::: Information provided

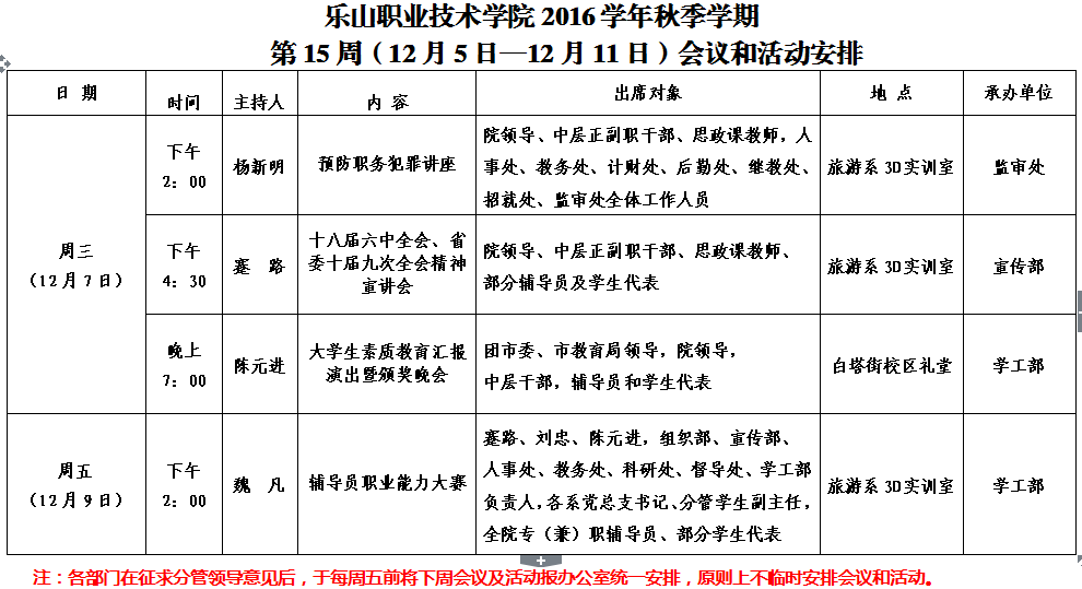 第15周(12月5日—12月11日)会议和活动安排
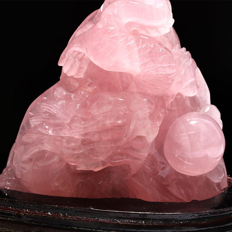 置物 ローズクォーツ <ブラジル産> 龍 台付き [cv-g0079]
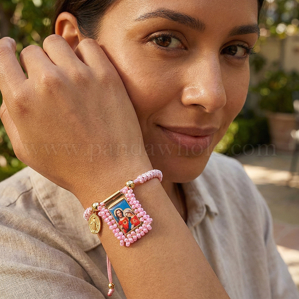 • Pink Браслеты с подвесками из нержавеющей стали с принтом, регулируемые плетеные браслеты из нейлоновой нити для женщин, прямоугольник с изображением Иисуса и Девы Марии, розовые, 304 дюйм (8.19 см)
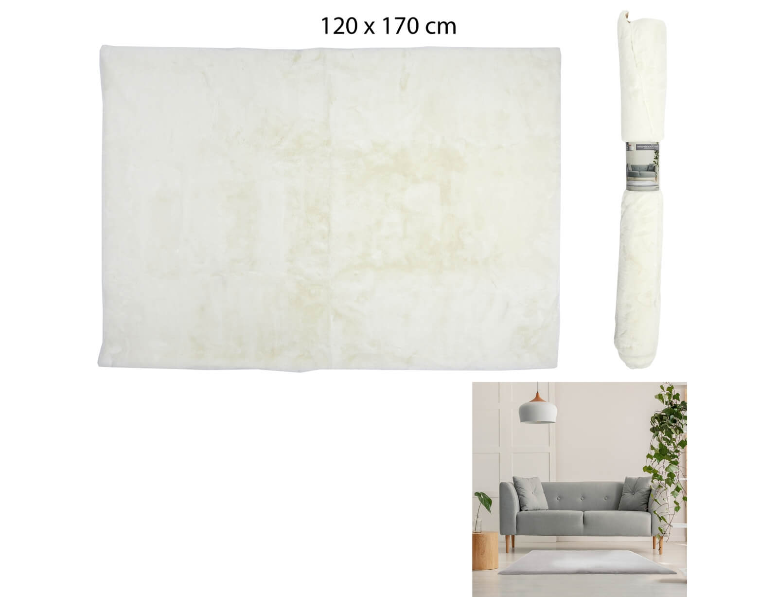 Χαλί Ορθογώνιο απομίμηση γούνας από πολυεστέρα με διαστάσεις 120 x 170 cm - Σε λευκή απόχρωση

::::::

:: Instructions to follow ::
Would you transcribe the listing above line by line, exactly, leaving every picture out?

:: The answer ::
 第15周(12月5日—12月11日)会议和活动安排
 置物 ローズクォーツ <ブラジル産> 龍 台付き [cv-g0079]
 • Pink Браслеты с подвесками из нержавеющей стали с принтом, регулируемые плетеные браслеты из нейлоновой нити для женщин, прямоугольник с изображением Иисуса и Девы Марии, розовые, 304 дюйм (8.19 см)
 Χαλί Ορθογώνιο απομίμηση γούνας από πολυεστέρα με διαστάσεις 120 x 170 cm - Σε λευκή απόχρωση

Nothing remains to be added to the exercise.